Si uno observa los pronunciamientos de los líderes “responsables” del país, uno los puede ver adaptándose a las posiciones de extrema derecha “populares”: el Ministro del Interior Eli Ishai impreca contra los sucios africanos.  El Fiscal General dice que está listo para proveer el apoyo legal para las deportaciones en masa.  El Primer Ministro –un tipo que nunca albergó simpatías por los oprimidos, judíos o no judíos- va a sacrificar a estas pobres almas en un santiamén a cambio de ventajas políticas.

Esto, por supuesto, es la repetición del mensaje de extrema derecha, neonazi, de muchos partidos políticos europeos como la Liga de Defensa Inglesa, el Frente Nacional de Jean-Marie Le Pen, etc.  Es un eco del manifiesto anti-inmigrantes de Anders Breivik, antes de que asesinara 77 jóvenes noruegos liberales.
Supongo que no es sorprendente que haya tal venenoso movimiento político en desarrollo en Israel, el cual, después de todo, no es inmune al mismo veneno que infecta el cuerpo político europeo y estadounidense.
Pero lo que es sorprendente es qué cercanamente esto es un eco de la tragedia histórica del Holocausto, tal como se manifestó en Alemania en 1930.  Nosotros también teníamos refugiados judíos que eran despreciados cuando buscaban refugio en estas playas.  La historia judía está repleta de ejemplos de similares persecuciones, incluyendo las Cruzadas, la Inquisición, y varias otras expulsiones.

No estoy pronosticando un genocidio contra los trabajadores foráneos no judíos en Israel.  Pero dada la historia judía en el último siglo, uno pensaría que los judíos, incluyendo los israelíes, serían más sensibles a repetir los horrores perpetrados entonces contra nuestros ancentros.

Para ser justo, ha habido manifestaciones de odio igualmente nocivas, incluyendo expulsiones de Nigeria, Gabón, Angola y otras.

Pero nosotros, los judíos, hemos sufrido este destino por nosotros mismos.  Perpetrarlo contra el débil y el vulnerable de Tel Aviv es un verdadero shande (vergüenza en Idish).  Es menos que reconfortante pensar que Israel planea una similar expulsión masiva de sus propios inmigrantes para apaciguar la furia de la bestia de la xenofobia israelí.
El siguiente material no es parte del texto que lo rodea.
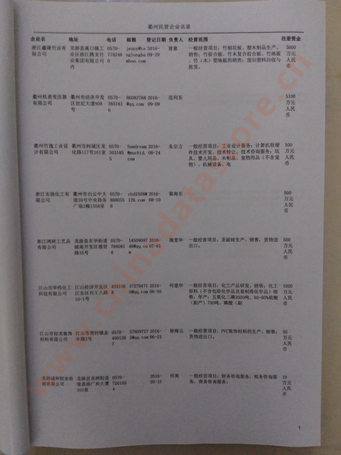 2021版最新衢州企業(yè)黃頁(yè)包括《衢州制造企業(yè)黃頁(yè)》、《衢州民營(yíng)企業(yè)黃頁(yè)》,現(xiàn)優(yōu)惠價(jià):280元/冊(cè)。每?jī)?cè)內(nèi)容包括:?jiǎn)挝幻Q、地址、郵編、電話、傳真、郵箱、經(jīng)營(yíng)范圍等;衢州企業(yè)黃頁(yè)涵蓋了近幾年來(lái)最新成立的、有一定規(guī)模的企業(yè),具有非常高的營(yíng)銷價(jià)值。有了這套黃頁(yè)開(kāi)展業(yè)務(wù)也有了針對(duì)性,也省去了盲目去尋找客戶名單而浪費(fèi)的時(shí)間了,工作效率也會(huì)有很大的提高。歡迎需要衢州企業(yè)黃頁(yè)的朋友及時(shí)聯(lián)系我們!
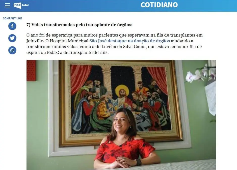 O ano foi de esperança para muitos pacientes que esperavam na fila de transplantes em Joinville. O Hospital Municipal São José destaque na doação de órgãos ajudando a transformar muitas vidas, como a de Lucélia da Silva Gama, que estava na maior fila de espera de todas: a de transplante de rins.
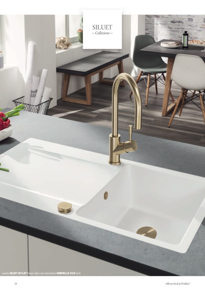 Lavello SILUET 50 FLAT Bianco Alpin con miscelatore UMBRELLA FLEX Gold
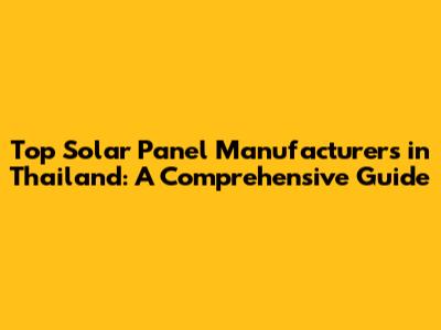 Top Solar Panel Manufacturers In Thailand: A Comprehensive Guide
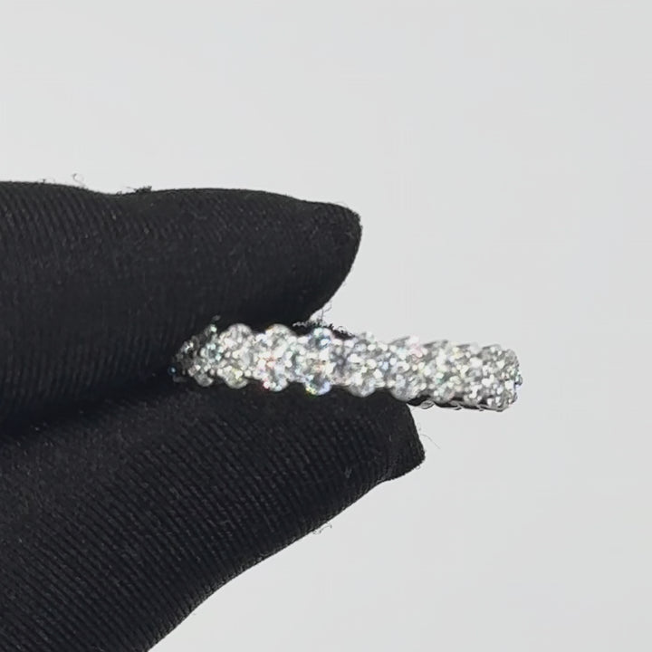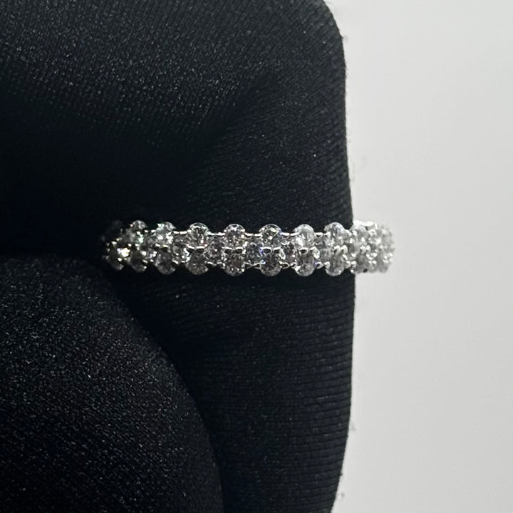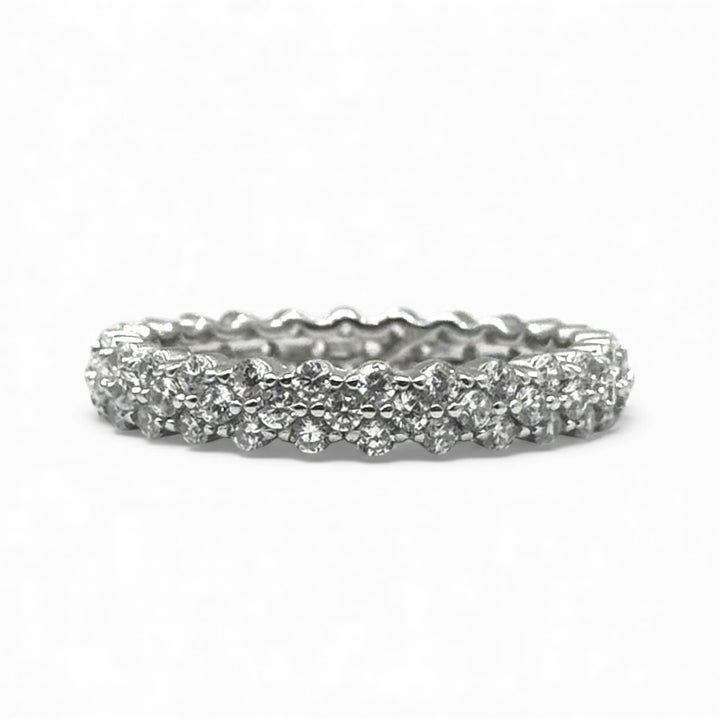 Anillo Eternity Triple Row en plata .925 importada. Banda tipo eternity con tres hileras de circonias al frente. Ideal para quien busca una pieza llamativa con acabado de alto brillo.
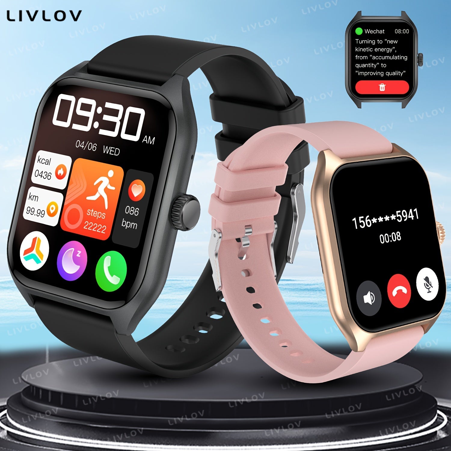 Main function: Wireless call,Voice assistant,Raise the hand on the screen,SMS,Multiple sports modes,Weather,Flashlight, Clock display,Alarm clock,SOS,Game,Calculator,Music,Versatile dial,Custom Dial wallpaper, Sedentary reminder,Remote photography,Step distance,Calorie
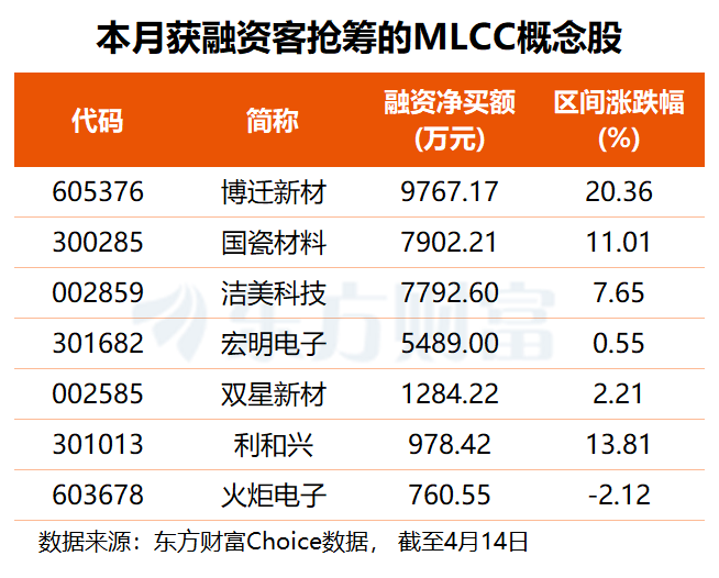 4月以来,仅火炬电子下挫约2%,其余MLCC概念股均录得股价上涨,博杰股份、三环集团月内涨幅均在20%以上。叠加资金来看,博迁新材本月获融资客抢筹0.98亿元,国瓷材料、洁美科技均获杠杆资金加仓近0.8亿元,宏明电子融资净买额也达5500万元。

A las sombras de la ocupación de los territorios y del trato brutal de Israel hacia los palestinos, los trabajadores foráneos no judíos son los palestinos, los negros de Israel.  Al igual que los palestinos, ellos no tienen estatus legal dentro de Israel.  Esto los vuelve invisibles, impotentes y a la merced de quien quiera explotarlos.

La única diferencia entre los dos grupos es que los trabajadores foráneos no judíos se encuentran dentro del estamento político israelí, mientras que Israel ha tenido éxito en excluir a los palestinos (así lo cree) del estamento político.